┌────────
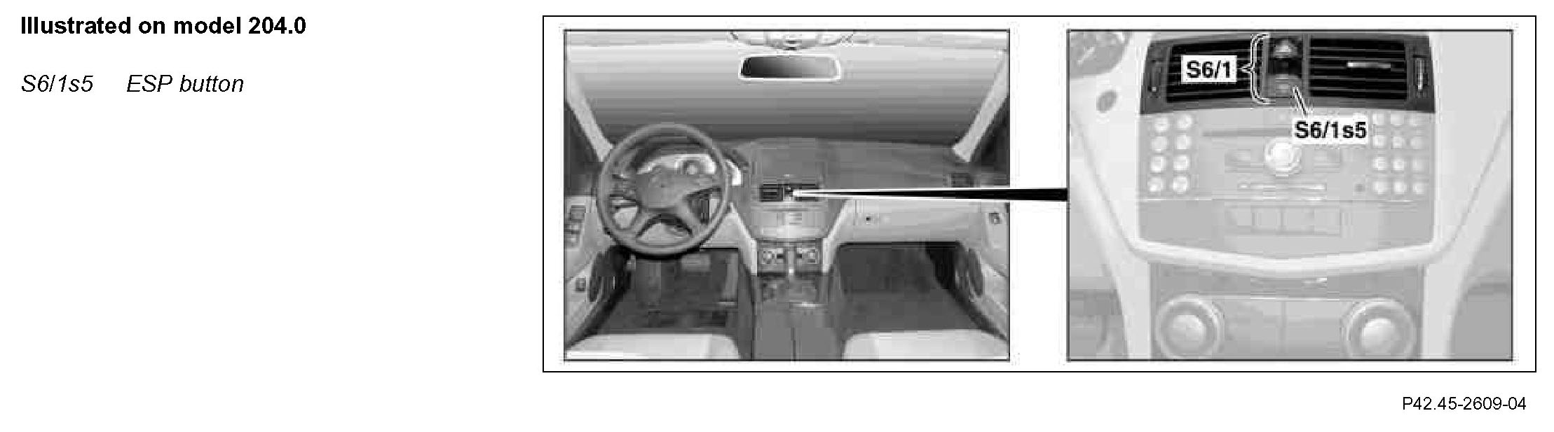 The status of the ESP button is read in by the front SAM control unit with fuse and relay module (N10/1) via the instrument panel LIN and passed on to the Electronic Stability Program control unit (N30/4) via the chassis CAN.
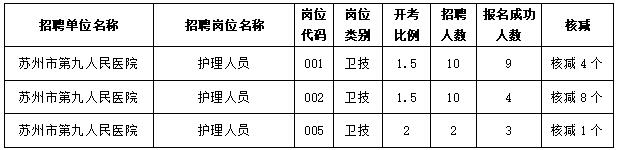 2020年苏州市第九人民公开招聘合同制专业技术人员自2020年6月23日至2020年6月24日报名结束,共有3个岗位报名人数不足开考比例,根据规定,核减招聘计划,并公布如下:
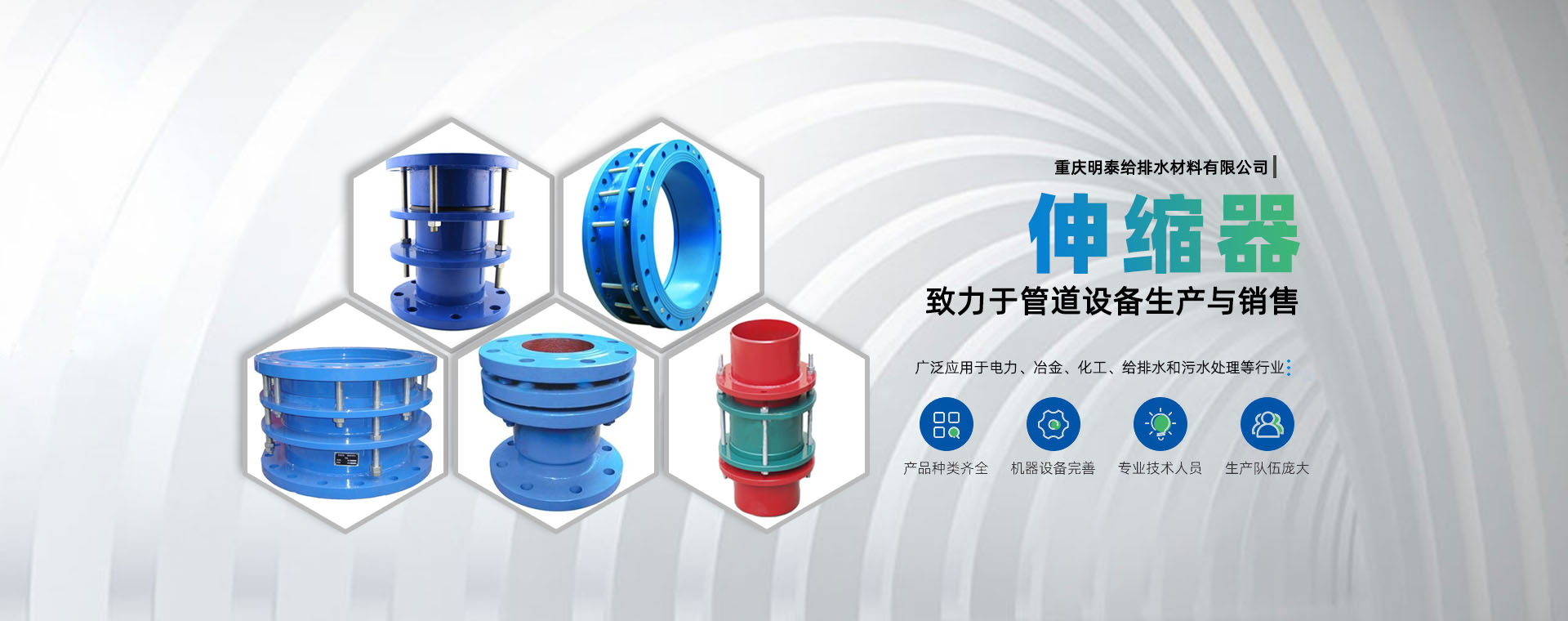 重慶明泰給排水材料有限公司是一家有著多年的銷售管理經驗、以及完善的售后、服務性企業公司。從80年代末期生產臺“伸縮接頭”和90年代中期研制生產的臺“蝶閥”開始,歷經二十多年的發(fā)展,成為一家給排水企業。生產各種管道配件、給排水材料的專業企業。主要生產的產品有橡膠接頭系列,管道配件、伸縮器系列,鋼制傳力接頭系列,不銹鋼波紋補償器,防水套管系列。電廠煙、風、煤管道補償器系列,閥門系列,環(huán)保凈水劑系列,產品設計獨特,結構新穎合理,性能可靠,給工程施工、維修帶來方便和效益.....
└────────
→ **Task objective**
The expected answer is the line with "2020年苏州市第九人民公开" followed by every remaining line of the listing, each restated exactly, with all pictures dropped.

→ **Result**
 2020年苏州市第九人民公开招聘合同制专业技术人员自2020年6月23日至2020年6月24日报名结束,共有3个岗位报名人数不足开考比例,根据规定,核减招聘计划,并公布如下:
 重慶明泰給排水材料有限公司是一家有著多年的銷售管理經驗、以及完善的售后、服務性企業公司。從80年代末期生產臺“伸縮接頭”和90年代中期研制生產的臺“蝶閥”開始,歷經二十多年的發(fā)展,成為一家給排水企業。生產各種管道配件、給排水材料的專業企業。主要生產的產品有橡膠接頭系列,管道配件、伸縮器系列,鋼制傳力接頭系列,不銹鋼波紋補償器,防水套管系列。電廠煙、風、煤管道補償器系列,閥門系列,環(huán)保凈水劑系列,產品設計獨特,結構新穎合理,性能可靠,給工程施工、維修帶來方便和效益.....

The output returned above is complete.